Material for this task START
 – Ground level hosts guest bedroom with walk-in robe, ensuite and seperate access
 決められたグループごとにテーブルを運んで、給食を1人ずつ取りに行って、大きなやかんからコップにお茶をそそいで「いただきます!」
Material for this task END
Material for this task START
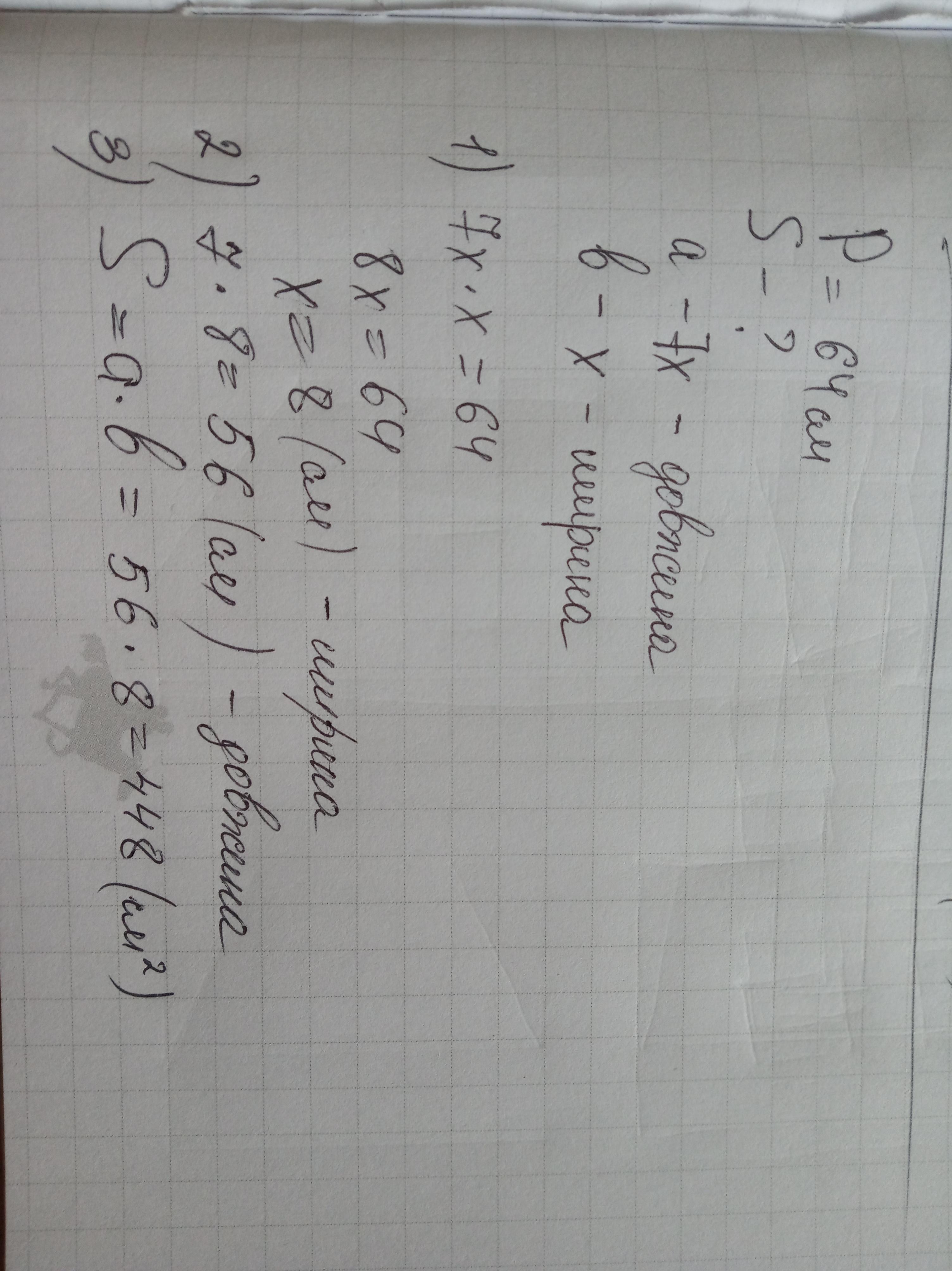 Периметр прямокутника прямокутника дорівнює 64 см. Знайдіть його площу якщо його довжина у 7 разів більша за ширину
Material for this task END
Material for this task START
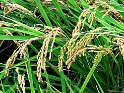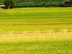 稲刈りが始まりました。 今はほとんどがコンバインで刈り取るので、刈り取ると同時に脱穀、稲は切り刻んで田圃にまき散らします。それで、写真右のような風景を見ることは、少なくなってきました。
Material for this task END
Problem - In the material above, locate the line containing "and seperate access" and the line containing "決められたグループごとにテー". Transcribe exactly those two lines and every line between them, and nothing more.

Answer section -
 – Ground level hosts guest bedroom with walk-in robe, ensuite and seperate access
 決められたグループごとにテーブルを運んで、給食を1人ずつ取りに行って、大きなやかんからコップにお茶をそそいで「いただきます!」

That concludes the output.